11. CHANGES TO OUR PRIVACY POLICY
We will continue to evaluate this policy against new technologies, business practices, changes in law,
and your needs, and may make changes to the policy accordingly. Please check this page periodically for
updates. If we make any material changes to this policy, we will post the updated terms of the policy on
the Service, and provide you notice of such changes, which may include notice by email through a
message sent to the email address you use to access the Service, or posting a message on the Service.
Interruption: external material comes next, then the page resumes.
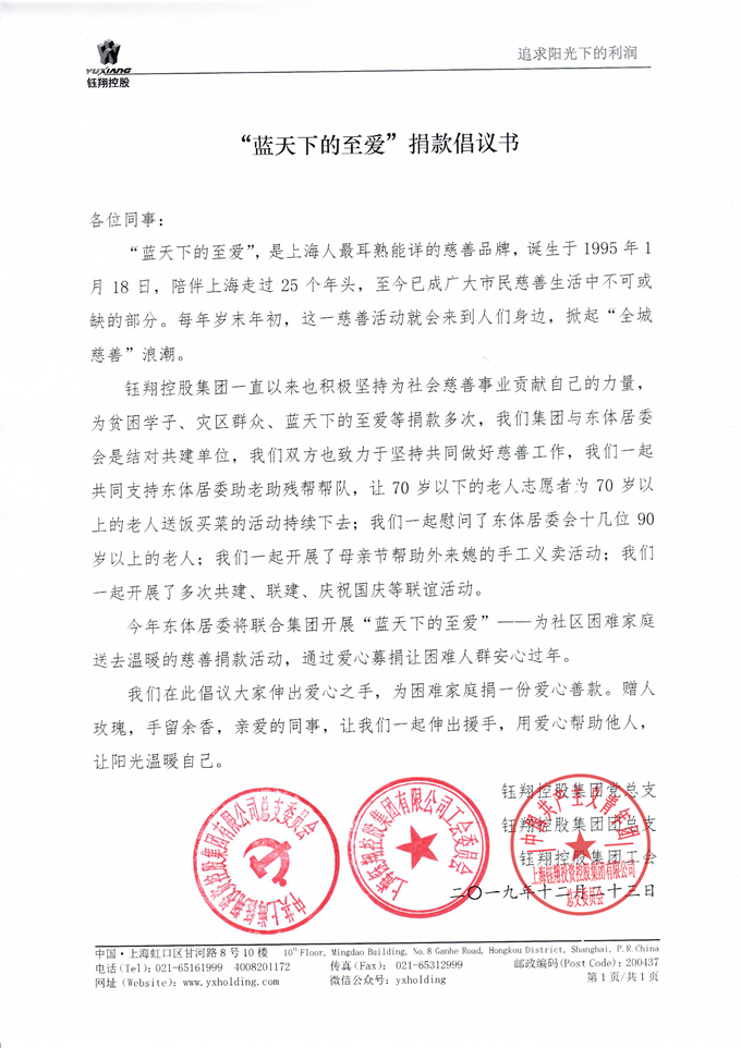 鈺翔控股集團(tuán)創(chuàng)立35年來,一直積極堅(jiān)持為社會慈善事業(yè)貢獻(xiàn)自己的力量,為貧困學(xué)子、災(zāi)區(qū)群眾、藍(lán)天下的至愛、社區(qū)建設(shè)等捐款、捐物多次,累計(jì)捐款已超500萬元,為社會慈善貢獻(xiàn)了自己的力量。集團(tuán)與東體居委會是結(jié)對共建單位,雙方也致力于堅(jiān)持共同做好慈善工作,一起共同支持東體居委助老助殘幫幫隊(duì),讓70歲以下的老年志愿者為70歲以上的老人送飯買菜的公益志愿活動持續(xù)下去。此外,我們還不定期慰問東體居委會十幾位90歲以上的老人;一起開展母親節(jié)幫助外來媳的手工義賣活動;一起開展多次共建、聯(lián)建、慶祝國慶等聯(lián)誼活動。集團(tuán)黨總支還與崇明區(qū)城西小區(qū)、元六村等共建單位開展了豐富多彩的結(jié)對共建活動。

Any material changes to this policy will be effective upon the earlier of thirty (30) calendar days
following our dispatch of an email notice to you or thirty (30) calendar days following our posting of
notice of the changes on the Service. Please note that at all times you are responsible for updating your
information to provide us with your most current email address. In the event that the last email address
that you have provided us is not valid, or for any reason is not capable of delivering to you the notice
described above, our dispatch of the email containing such notice will nonetheless constitute effective
notice of the changes described in the notice. If you do not wish to permit changes in our use of your
information, you must notify us prior to the effective date of the changes that you wish to deactivate
terminate or cancel your account with us. Please note that the continued use of the Service following

notice of such changes shall indicate your acknowledgement of such changes and agreement to be bound
by the terms and conditions of such changes.
12. PERSONAL INFORMATION PROTECTION
We strive to protect the security of your information during transmission using, for instance TSL
software, which encrypts information you input. It is important for you to protect against unauthorized
access to your password and to your mobile device. Be sure to sign off when finished using a shared
mobile device.
13. GOVERNANCE
You may inquire about an inaccuracy or make a complaint about a potential violation to us via the
contact information provided below. We do engage in training to support implementation and
compliance of our privacy practices; any employee that we determine is in violation of this policy may
be subject to disciplinary action.
14. DISPUTE RESOLUTION
Formulary will investigate and attempt to resolve complaints and disputes regarding use and disclosure
of information in accordance with the principles contained in this policy. This Privacy Policy shall be
governed by and interpreted in accordance with the laws of Taiwan without regard to conflict of law
principles. You and Formulary hereby irrevocably consent that any legal action or proceeding arising
under or in connection with this Privacy Policy must be submit to the personal and exclusive jurisdiction
of arbitration in The State of Arizona, USA for the purpose of arbitrating any dispute.
YOU UNDERSTAND AND AGREE THAT, BY ENTERING INTO THIS PRIVACY POLICY,
YOU WAIVE THE RIGHT TO GO TO COURT OR TO PARTICIPATE IN A CLASS OR
REPRESENTATIVE ACTION.
15. CONTACT US
If you have any questions about this privacy policy, or the privacy practices of Formulary, contact us
at info@formulary.ai
This policy was written in English, and to the extent the translated version of this policy if any is
inconsistent with the English version, the English version will control. We reserve the right to correct
translation errors or other issues caused by offering translations of this policy.